Тем не менее наш институт создан не для борьбы с автоюристами. Мы хотим, чтобы страховщики и другие участники рынка умели договариваться со своими клиентами. Почему появились автоюристы? Потому что страховщики, отказывая гражданам даже в правомерных требованиях, предполагали, что лишь небольшая часть клиентов будет судиться. Кто-то шел в суд и получал выплату, но большинство отказывались настаивать на справедливой выплате и сэкономленные на них средства становились прибылью страховщиков. Автоюристы, скупая требования, сделали обращение в суд неизбежным. Мы даем возможность страховщикам цивилизованно урегулировать с клиентом свои отношения, тогда и компании будут защищены.
— По статистике Верховного суда, в 2018 году суды рассмотрели 300 тыс. исков по ОСАГО. Вы ожидаете такое же количество споров у себя?
— Точно сказать сложно. Да, мы исходили из судебной статистики в 300 тыс. судебных дел, более релевантной статистики нет. Но, с одной стороны, люди могут обращаться к нам чаще, чем в суды, поскольку это проще. Тогда дел может оказаться не 300 тыс., а гораздо больше. С другой стороны, плата для страховщика за рассмотрение жалобы — это сигнал рынку максимальное количество вопросов решать на уровне претензии, не доводя до нас. Понять, как эти две «гильотины» сработают, можно будет только на практике.
— Чем обоснован тариф для финорганизаций?
— Опыт западных коллег подсказывал решение в первый год не брать плату за каждую жалобу, а взять пусть большие, но единовременные взносы — с запасом. Но наш законодатель пошел по другому пути. Если число обращений мы могли лишь предполагать, то стоимость каждого процесса просчитали объективно. Мы руководствовались рекомендациями и справочником Международной ассоциации финомбудсменов — она уделяет большое внимание экономике вопроса. Возможно, на старте это будет обременительно для страховщиков, но нам крайне важно поработать хотя бы год в этих условиях. Тогда, зная, каковы реальное число жалоб и исход их рассмотрения, мы сможем скорректировать размер ставки. У института уполномоченного нет цели обогатиться за счет финорганизаций.
— Страховщики жаловались на высокие ставки.
— У них есть механизмы, дающие возможность платить меньше. Мы приняли важное решение — освободить организации от платежа, если они выигрывают спор. Компания может качественно оценивать требования на уровне претензии и доводить дело до нас только в случаях, когда потребитель не прав на 100%. Тогда и решение омбудсмена, скорее всего, будет в пользу страховщика, и затрат компания не понесет.
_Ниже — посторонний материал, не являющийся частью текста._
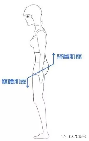 骨盆后倾典型姿势:驼背、臀下垂
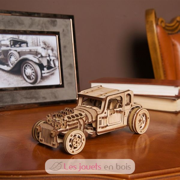 Assemble this plywood model step by step, without using glue. The Hot Rod Furious Mouse car model has dual engine functionality: you can wind the spring motor by giving six full rotations of the ratchet key located on the model car's undercarriage, or you can simply pull the Hot Rod back along a flat surface then release and watch the car speed off, as you would with any pullback toy car. Turn the front wheels of your Hot Rod left or right to make graceful turns, or race down the straightaway. Other details in the Ugears Hot Rod Furious Mouse include realistic scaling, wonderful detailing on engine and interiors, and twin doors with lock and handle mechanism.

— Страховщики опасались, что омбудсмен будет заинтересован в том, чтобы решать споры в пользу клиента: вы ориентированы на самоокупаемость.
— Такое подозрение возникает в отношении любой организации, которая финансируется не из бюджета, а существует за счет платежей. Мы такой опасности не усматриваем. Омбудсмены — квазисудьи, их KPI не привязаны к показателям службы обеспечения. Прибавку к зарплате от числа положительно рассмотренных дел они не получают, не говоря о том, что это люди с репутацией, поэтому для них это нецелесообразно. Если будут какие-то другие данные, наша служба безопасности будет их рассматривать.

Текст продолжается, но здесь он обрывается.